Tahoe Pine Nuts: Let’s go fly fishing on Mars
Having recently viewed a photo of a river gurgling along like a musical brook on the planet Mars, and having just returned from a fly fishing extravaganza in Montana, I’m inspired to start planning a fly fishing trip to Mars, where apparently, the river runs through it.
It doesn’t matter to me that it will take 260 days to get there, and that I can’t afford the extra baggage charges for the ride back home, I’m on deck and ready to go fly fishing on Mars. Alan Shepard hit golf balls on the moon. I can catch fish on Mars.
Heck, I can imagine a conversation between a couple of Mars fish when I arrive…
“Hey, Fred, check it out, there’s something moving over there on terra firma.”
“Yeah, whatever it is, it’s throwing a bug our way, looks like a wooly bugger to me, what do you think, Frank?”
“I like wooly buggers just as much as you do, Fred, but I don’t trust that two legged bugger any farther than I can throw him.”
“Don’t make me laugh, Frank, you know how I choke when I get water in my lungs.”
“Don’t swallow that wooly bugger, Fred, you could choke on that too.”
“What the hell, Frank, you only live once, winnah, winnah, winnah, wooly buggah fo’ dinnah.”
“Hey, Fred! Where did you go?!”
I imagine the fish on Mars are just as smart as our fish on Earth. They will spit out a man-made wooly bugger if given a chance, but if you can set that hook, well, it’s fish for dinner.
However, before I fry up my first Mars Mudcat, I’m going to get a photograph for Field & Stream Magazine. They might even give me a free subscription, who knows?
But then, who’s going to take that picture? I never thought of that. I wish now I had one of those selfie sticks to pack along with my bamboo rod, my beef jerky and my beer.
Friends tell me I will be as cold as an untipped waiter’s stare up there on Mars, but I’m not worried about that.
Elon Musk plans to launch two huge fusion bombs into orbit around Mars to give Mars a couple of pulsating suns to warm the place up before I get there, though I think I might elect to wait awhile after those two suns are in place to see just how much radioactivity they throw off before I go catapulting up there myself.

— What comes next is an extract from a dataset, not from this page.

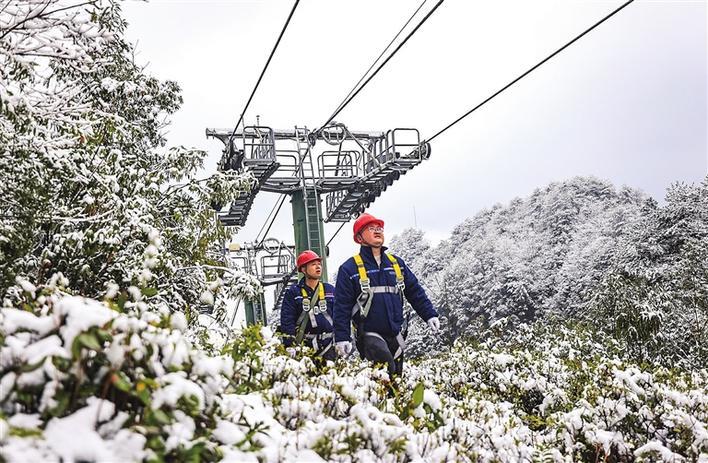 近日,随着气温降低,湖南各地的能源和基础设施出现霜冻现象。图为2026年1月1日,湖南张家界国家森林公园杨家界索道工作人员在巡检设备。新华社发(吴勇兵摄)

I should probably pack some memorabilia to leave behind to welcome the wave of Mars fly fishermen and Mars fly fisherwomen that are sure to follow, perhaps some Orville Redenbacher’s Popping Corn that they can leave out in the sun and watch pop, which makes my mouth water just to think about, so if you will excuse me, I’ve got business in the kitchen … Mars will have to wait.
My cooking has been known to cause shock, confusion and palpitations, but Redenbacher I can do.